Cass R. Sunstein / Bloomberg News

A lot of public discussion takes place before the president nominates a new Federal Reserve Board chairman. This time, that discussion has gotten unusually heated.

Continuing economic difficulties are one reason. Another is that Lawrence Summers, a top candidate, is a larger-than-life figure — unusually well-known and widely admired, but in some circles controversial. The paradox is that those who know him best, and who have worked with him most closely, are his biggest supporters — and that the objections are coming largely from those who know him little or not at all. (Disclosure: Summers is a colleague and a friend, and I co-taught a course with him last spring.)

No one doubts Summers has the right background and credentials.

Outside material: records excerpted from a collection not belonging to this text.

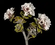 The shrub has a spindly, erect to spreading and procumbent form, typically growing to a height of 2 metres (7 ft).[1] The leaves are typically 3 to 7 millimetres (0.12 to 0.28 in) in length.[2] It blooms between September and October producing small white petal flowers[1] with a diameter of approximately 1 cm (0.39 in) that appear in dense cluster of about 20 flowers. Each flower contains about 10 stamens, one opposite each sepal and petal.[2]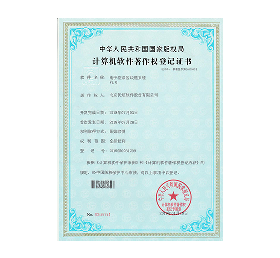 软件著作权的“区块链底层技术”适应政法系统的“法务证据链”,该系统对法院证据案件结案后归档存储到链上,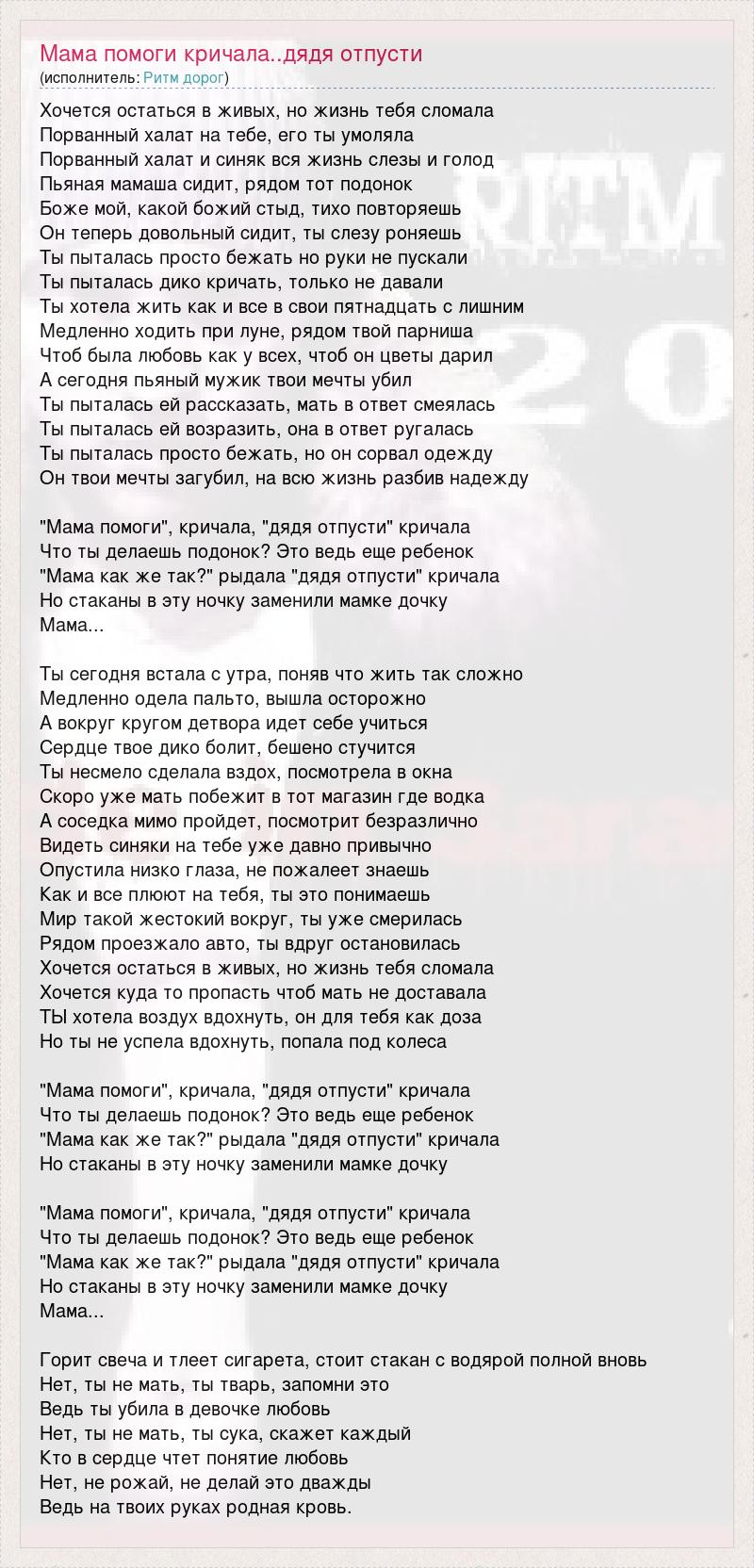 Хочется остаться в живых, но жизнь тебя сломала Порванный халат на тебе, его ты умоляла Порванный халат и синяк вся жизнь слезы и голод Пьяная мамаша сидит, рядом тот подонок Боже мой, какой божий стыд, тихо повторяешь Он теперь довольный сидит, ты слезу роняешь Ты пыталась просто бежать но руки не пускали Ты пыталась дико кричать, только не давали Ты хотела жить как и все в свои пятнадцать с лишним Медленно ходить при луне, рядом твой парниша Чтоб была любовь как у всех, чтоб он цветы дарил А сегодня пьяный мужик твои мечты убил Ты пыталась ей рассказать, мать в ответ смеялась Ты пыталась ей возразить, она в ответ ругалась Ты пыталась просто бежать, но он сорвал одежду Он твои мечты загубил, на всю жизнь разбив надежду "Мама помоги", кричала, "дядя отпусти" кричала Что ты делаешь подонок? Это ведь еще ребенок "Мама как же так?" рыдала "дядя отпусти" кричала Но стаканы в эту ночку заменили мамке дочку Мама... Ты сегодня встала с утра, поняв что жить так сложно Медленно одела пальто, вышла осторожно А вокруг кругом детвора идет себе учиться Сердце твое дико болит, бешено стучится Ты несмело сделала вздох, посмотрела в окна Скоро уже мать побежит в тот магазин где водка А соседка мимо пройдет, посмотрит безразлично Видеть синяки на тебе уже давно привычно Опустила низко глаза, не пожалеет знаешь Как и все плюют на тебя, ты это понимаешь Мир такой жестокий вокруг, ты уже смерилась Рядом проезжало авто, ты вдруг остановилась Хочется остаться в живых, но жизнь тебя сломала Хочется куда то пропасть чтоб мать не доставала ТЫ хотела воздух вдохнуть, он для тебя как доза Но ты не успела вдохнуть, попала под колеса "Мама помоги", кричала, "дядя отпусти" кричала Что ты делаешь подонок? Это ведь еще ребенок "Мама как же так?" рыдала "дядя отпусти" кричала Но стаканы в эту ночку заменили мамке дочку "Мама помоги", кричала, "дядя отпусти" кричала Что ты делаешь подонок? Это ведь еще ребенок "Мама как же так?" рыдала "дядя отпусти" кричала Но стаканы в эту ночку заменили мамке дочку Мама... Горит свеча и тлеет сигарета, стоит стакан с водярой полной вновь Нет, ты не мать, ты тварь, запомни это Ведь ты убила в девочке любовь Нет, ты не мать, ты сука, скажет каждый Кто в сердце чтет понятие любовь Нет, не рожай, не делай это дважды Ведь на твоих руках родная кровь.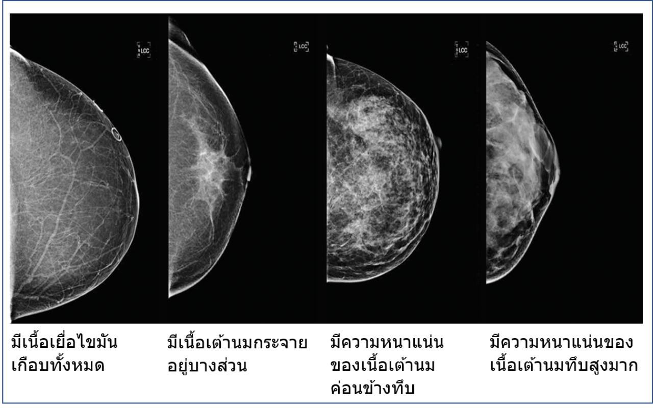 ความหนาแน่นของเนื้อเยื่อเต้านม ไม่สามารถระบุได้โดยการคลำตรวจ หรือโดยดูรูปร่างภายนอกของเต้านม แต่สามารถระบุได้จากการตรวจด้วยแมมโมแกรม แต่บางครั้ง...ผู้หญิงที่มีเนื้อเต้านมที่มีความหนาแน่นสูง จะทำให้ความไวในการตรวจแมมโมแกรมลดลง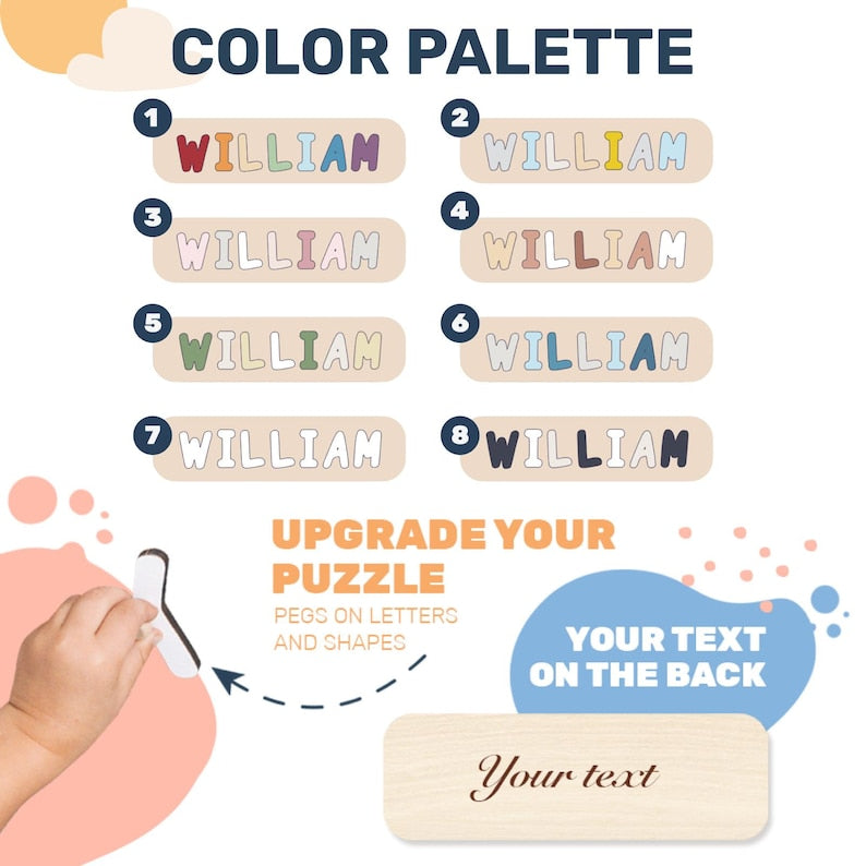 The wooden name puzzle is a fun and effective way to teach your kids letters, colors, shapes, and…their unique names! Puzzle with pegs will save the day for parents looking to both entertain and teach the little ones. Made of non-toxic and durable materials, these Montessori toys are safe for little delicate hands. Besides, we produce each puzzle with smooth edges to ensure our little clients won't get hurt.
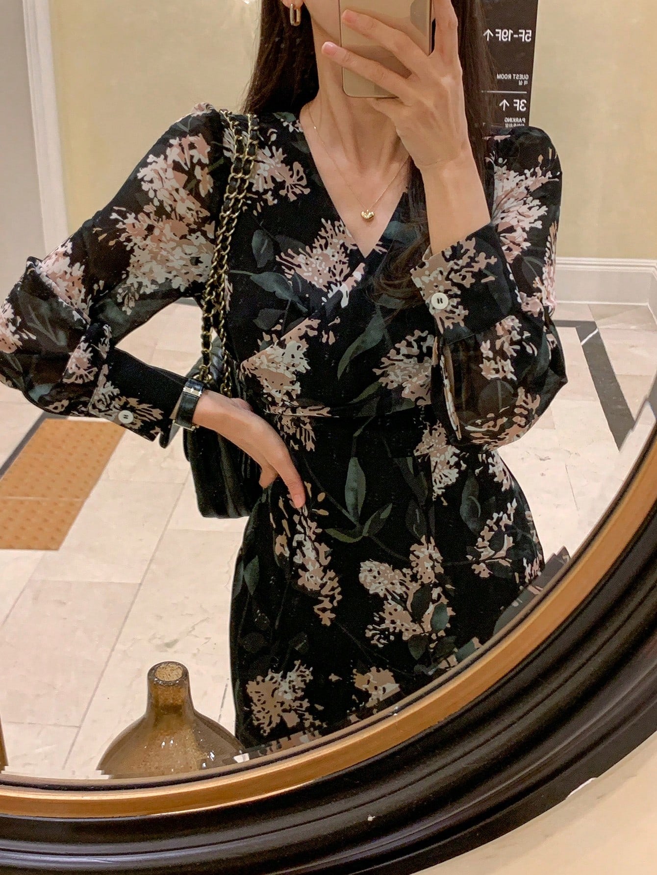 V-Neck Chiffon Cinched Waist Waist Luxurious Style Women Long Dress Floral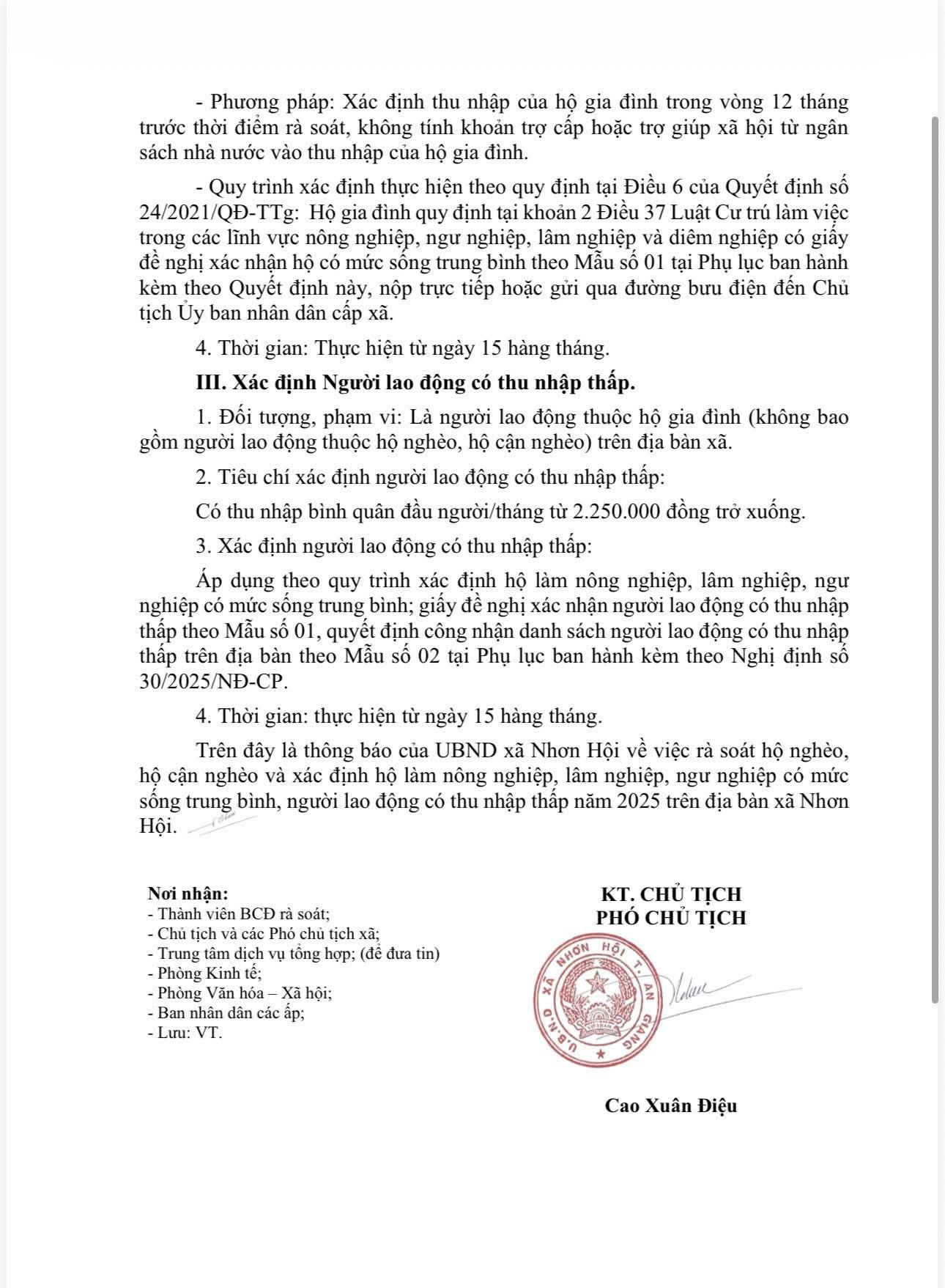 Thông báo rà soát hộ nghèo, hộ cận nghèo và xác định hộ làm nông nghiệp, lâm nghiệp, ngư nghiệp có mức sống trung bình, người lao động có thu nhập thấp năm 2025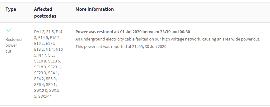 There appeared to be a power cut as I drove home tonight No street lights and all houses dimmed. All houses on Honor Oak Rise were dark.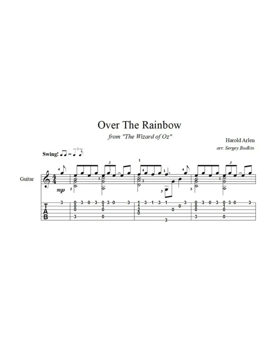 Аранжировка для гитары песни Харольда Арлена из кинофильма "Волшебник страны Оз".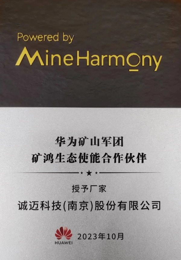 诚迈科技最新动态:获华为矿鸿生态使能合作伙伴授牌,携手共建智能矿山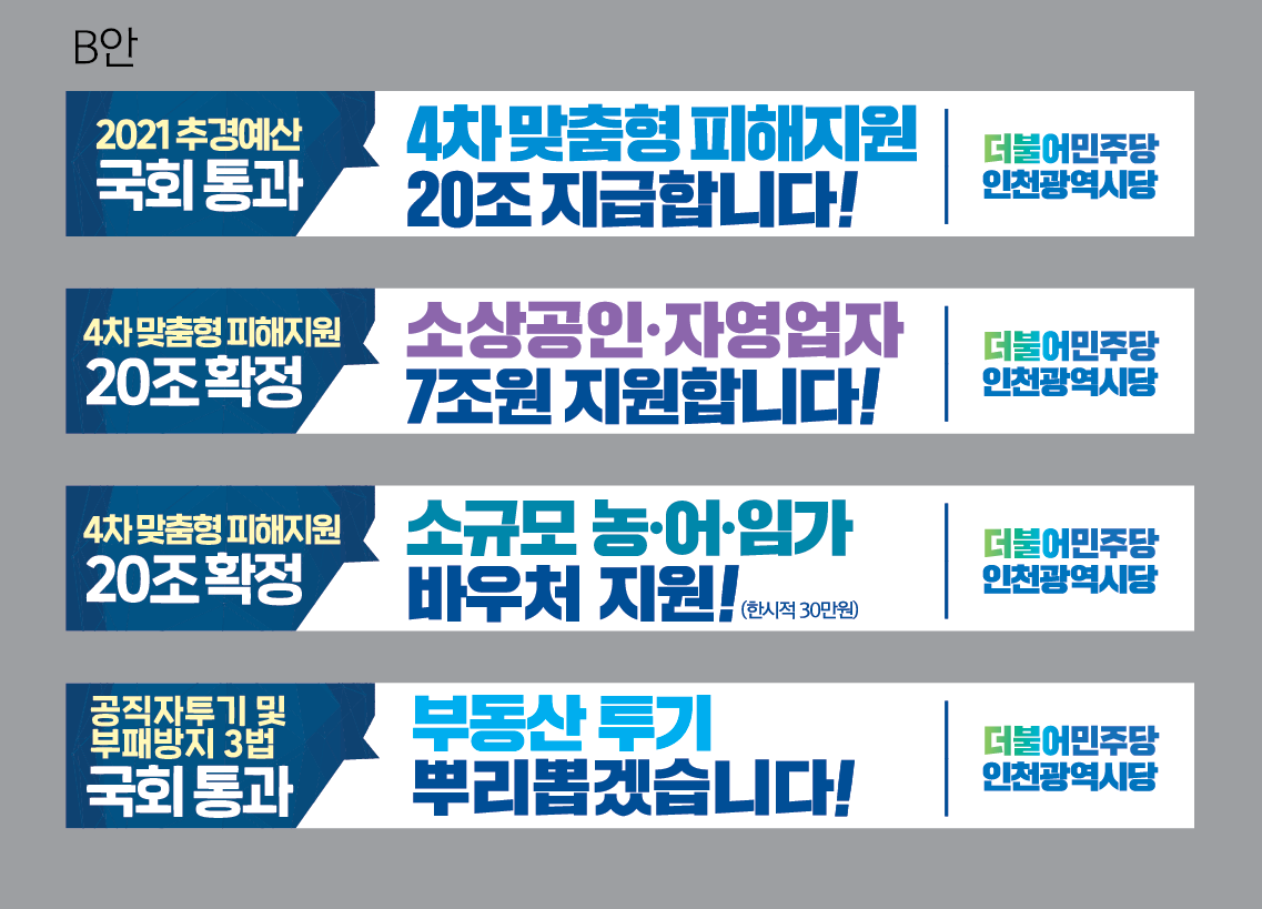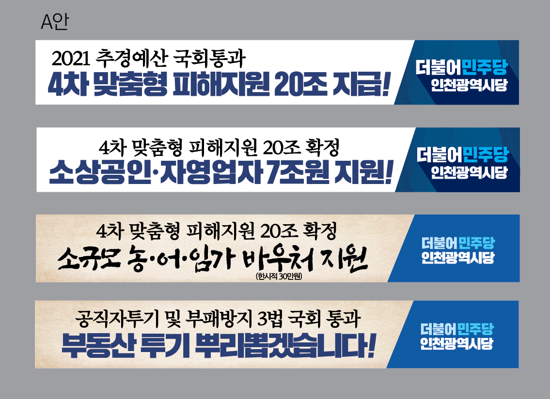 4차 재난지원금 등 정책현수막 디자인 4종(A/B안)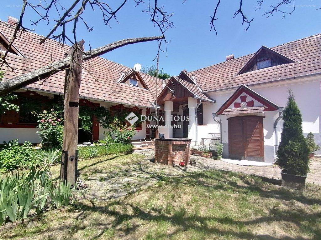 Az ingatlan egy igazi oázis, hiszen nincsenek szomszédai, abszolút csendes, ősfás kertje megnyugtató. A telek mérete 3300m2, melyen az épület alapterülete 170m2 + a beépített tetőtér. Elrendezését tekintve az alsó szint központi része a konyha-étkező-nappali. Egy autentikus, önmagában is kincset érő kemence ékesíti a konyhát, melynek másik oldala egy nyitott tűzterű kandalló. Ezt a házrészt abszolút befűti, de ezen kívül 2 db gázkazán biztosítja a meleget radiátorokon keresztül. Az alsó szinten akár külön bejáraton is megközelíthető két hatalmas szoba és két fürdő is található.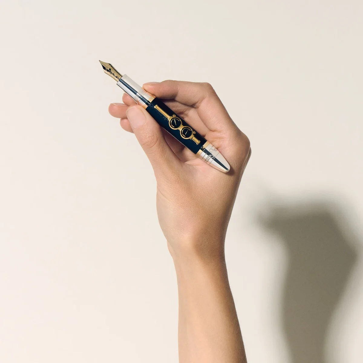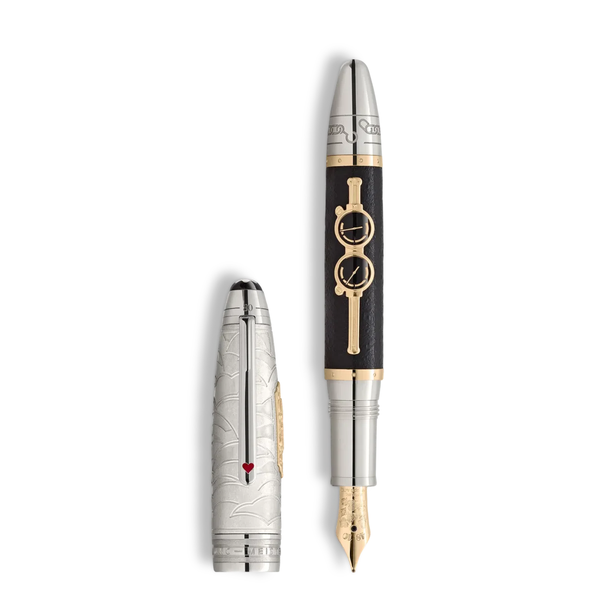 La colección Meisterstück Around the World in 80 Days se inspira en la famosa novela de aventuras de Julio Verne. La pluma estilográfica Limited Edition 811, fabricada en plata de ley Ag 925 y laca estructurada, narra el épico viaje del Sr. Fogg y Passepartout. Embarcándose en la última etapa de su viaje desde Yokohama de regreso a Londres pasando por Estados Unidos, el dúo atraviesa el vasto continente americano en tren, lo que se representa en el cartucho de oro macizo Au750 / 18k incrustado en el capuchón de plata esterlina Ag925. El diseño del capuchón captura el humo ondulante de la locomotora, mientras que una incrustación en 3D que representa las válvulas de presión adorna el cuerpo texturizado. El clip luce un naipe de corazones lacado en rojo, que simboliza la unión entre Phileas Fogg y la princesa Aouda. Además, los naipes representan la atrevida apuesta de Fogg de completar el viaje en solo 80 días. La parte superior del capuchón lleva grabada la cronología del viaje: 36 días de Yokohama a Londres, que culminan en un total de 80 días alrededor del mundo. El cono presenta un patrón de cadena de seguridad, que refleja un momento crucial en el que Passepartout separa el tren de la locomotora para salvar a la tripulación que fue atacada por los sioux. El instrumento de escritura está rematado con un plumín de oro de 18 quilates hecho a mano, adornado con una espinela negra de 1,5 mm y un patrón de naipes.N.º de identificación: MB132900 Peso físico: 107,224 g Dimensiones: 147,5 mm * 20,2 mm

One of the nation’s best macroeconomic theorists, he produced a series of influential academic papers that helped him win the 1993 John Bates Clark Medal, known as the “baby Nobel.” Although his full-time academic career was short, he remains among the most-cited economists in the world.

Unlike most academics, Summers has a wealth of practical experience, having served as U.S. Treasury secretary under President Bill Clinton and as head of the National Economic Council under President Barack Obama. In the latter position, he helped to design the central responses to the economic crisis, including the stimulus package, the rescue of both General Motors Co. and Chrysler Group LLC, and the “cash for clunkers” program.

Some of Summers’ critics think that he is anti-regulatory and reflexively pro-business, and that he would undermine the important regulatory mission of the Federal Reserve. Nothing could be further from the truth.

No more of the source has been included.